The Deutschlandsender III used a 325 m tall guyed steel lattice mast of triangular cross section. This was used as a mast radiator and was therefore mounted on a 0.75 m high steatite insulator. At the top of the mast was a lens-like electrical lengthening structure with a diameter of 25 m and a height of 4 m.

Because the mast was under high voltage during transmission, the aircraft warning lighting was realized in a very unconventional manner. On small poles near the mast multiple rotating searchlights were mounted which illuminated the lens-like structure on the top.
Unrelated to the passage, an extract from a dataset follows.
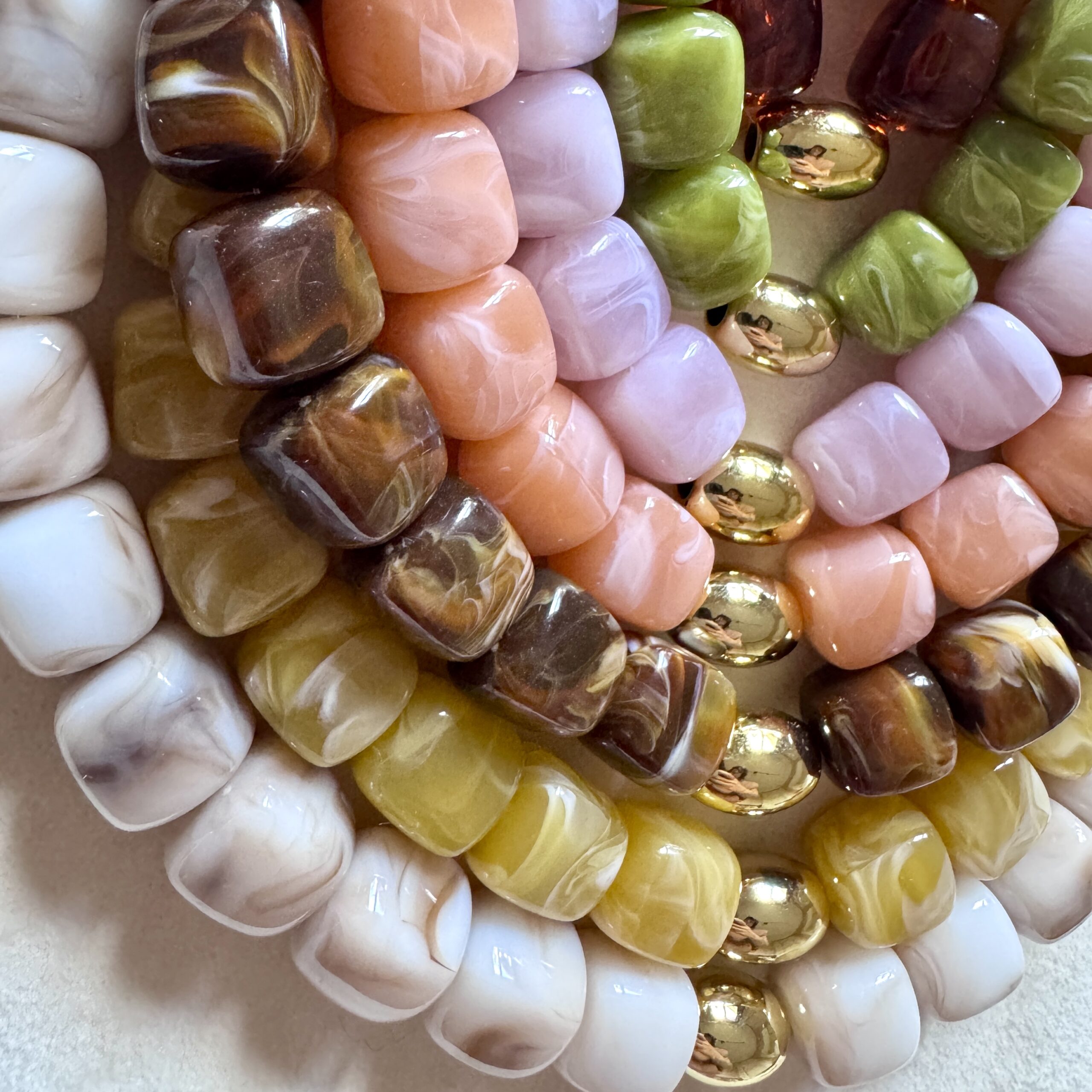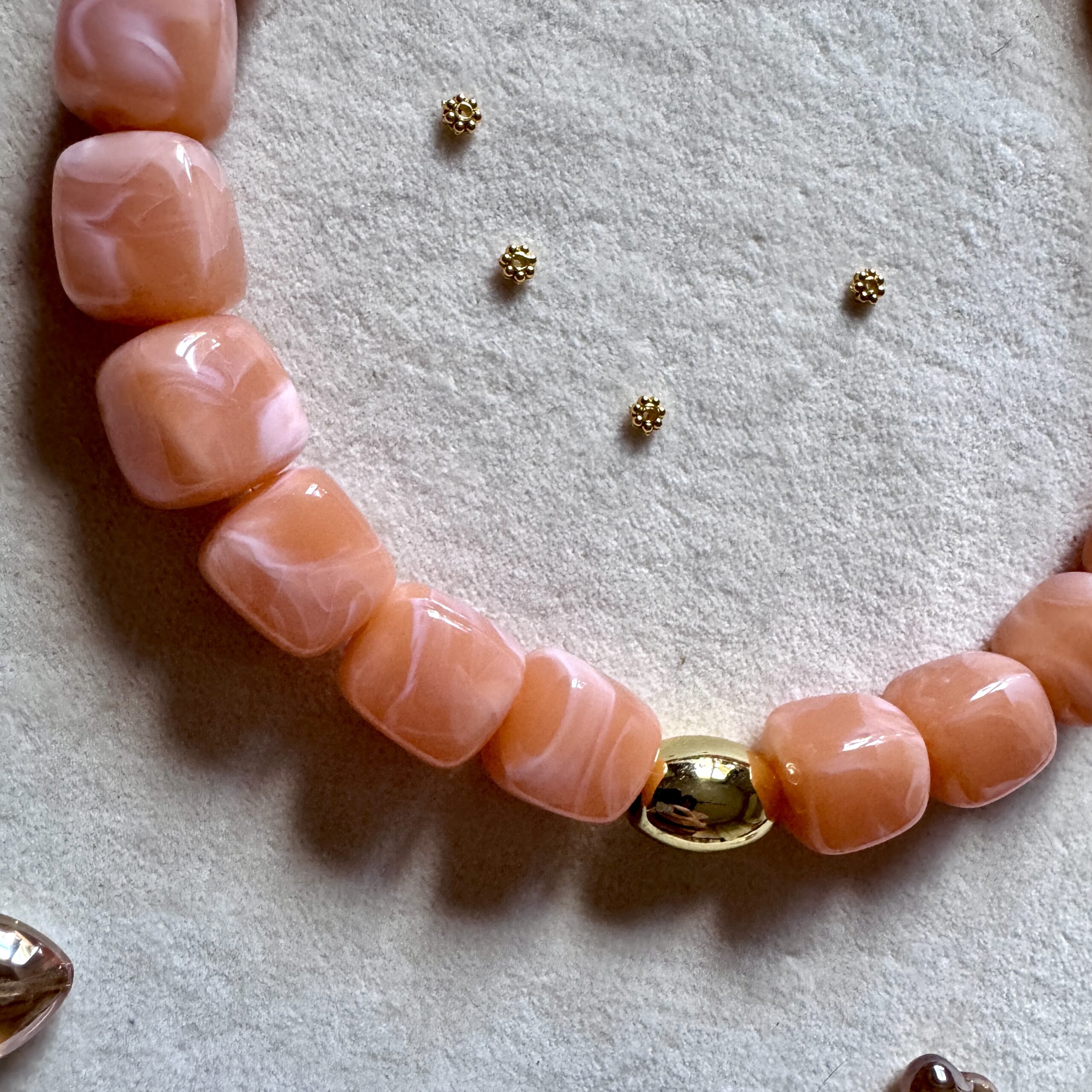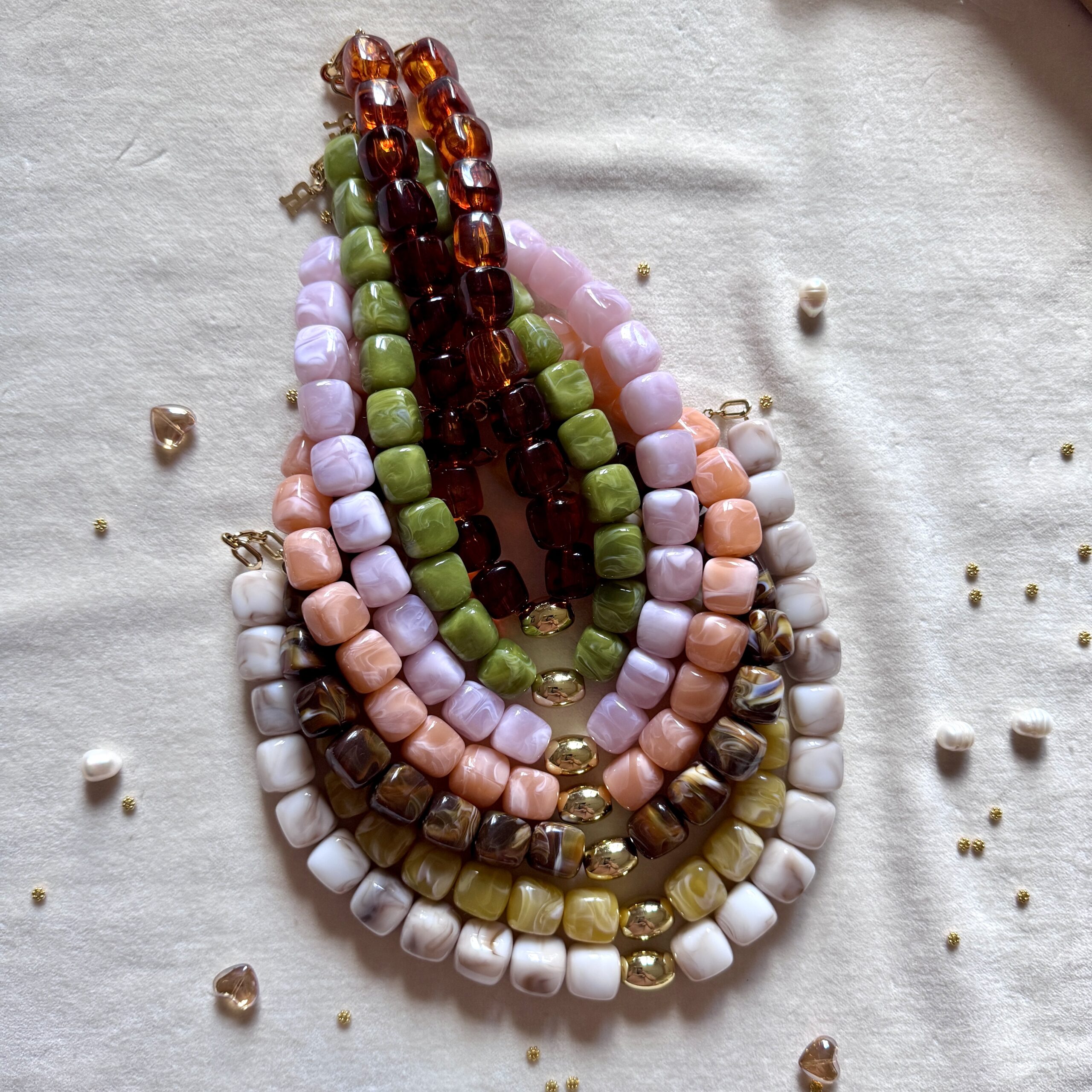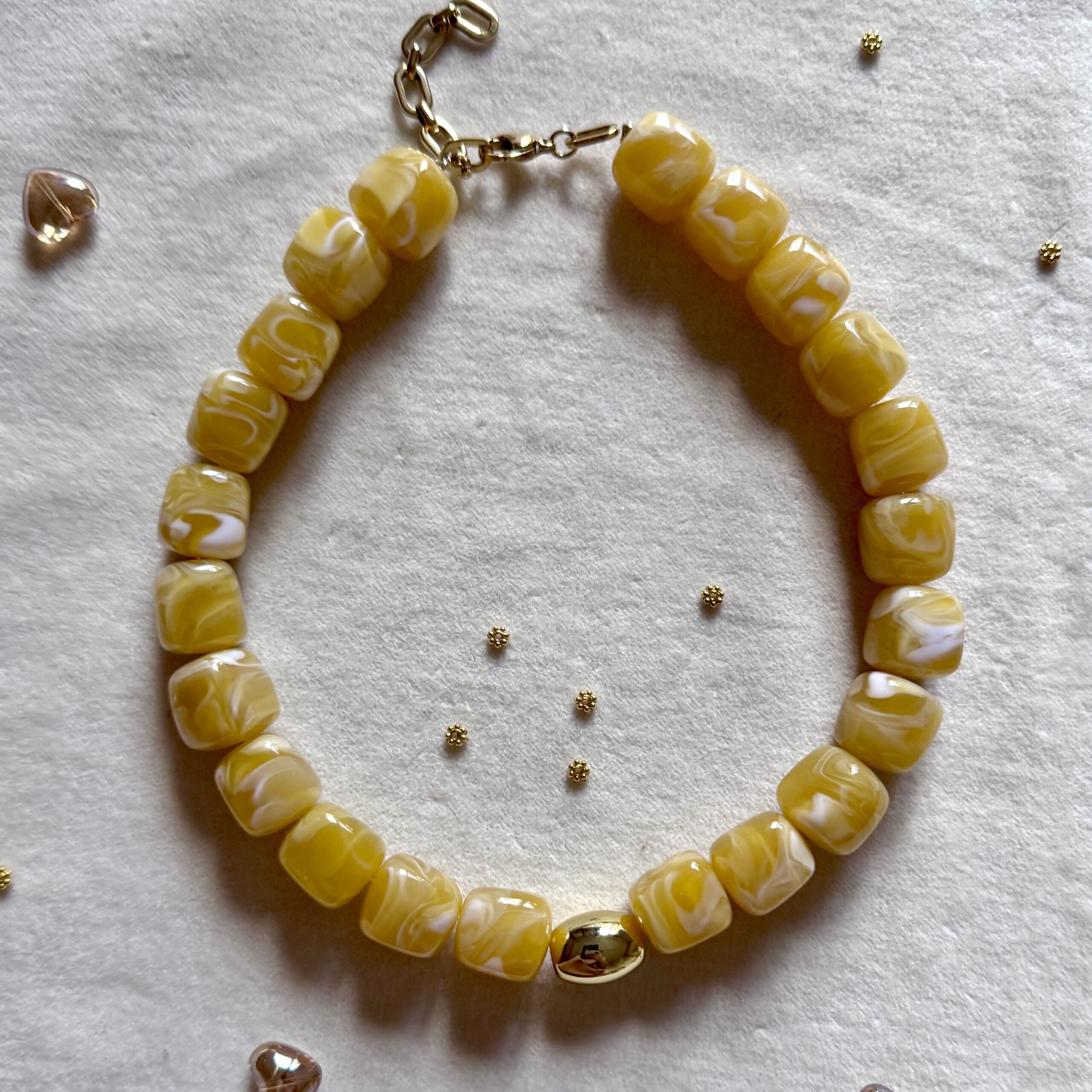 - Collier en en perles acétate et acier inoxydable doré

It was planned to expand the facility to a circle group antenna. Therefore, ten 275 m tall masts should be built on a circle with a diameter of 1425 m around the central mast. In 1944 construction of a backup antenna in form of a triangle antenna, carried by three 150 m tall masts, forming a triangle with 210 m sidelength, started on the location of the planned mast No. 9. This antenna could not be completed as a result of the war.

On 21 April 1945 the transmitter was severely damaged by Allied bombing. The mast remained unimpaired, but it was dismantled by the Soviet occupation troops, a task that lasted from July 1946 to 23 December 1947. The other parts of the facility were dismantled in 1959, when waterworks were built on the former station area. Nevertheless, there are still some remnants of the base visible at the location.

It is unknown what happened to the mast after it was dismantled. It is sometimes claimed that it was rebuilt in Ukraine, as "Kiev" was scrawled on the containers the components were transported in.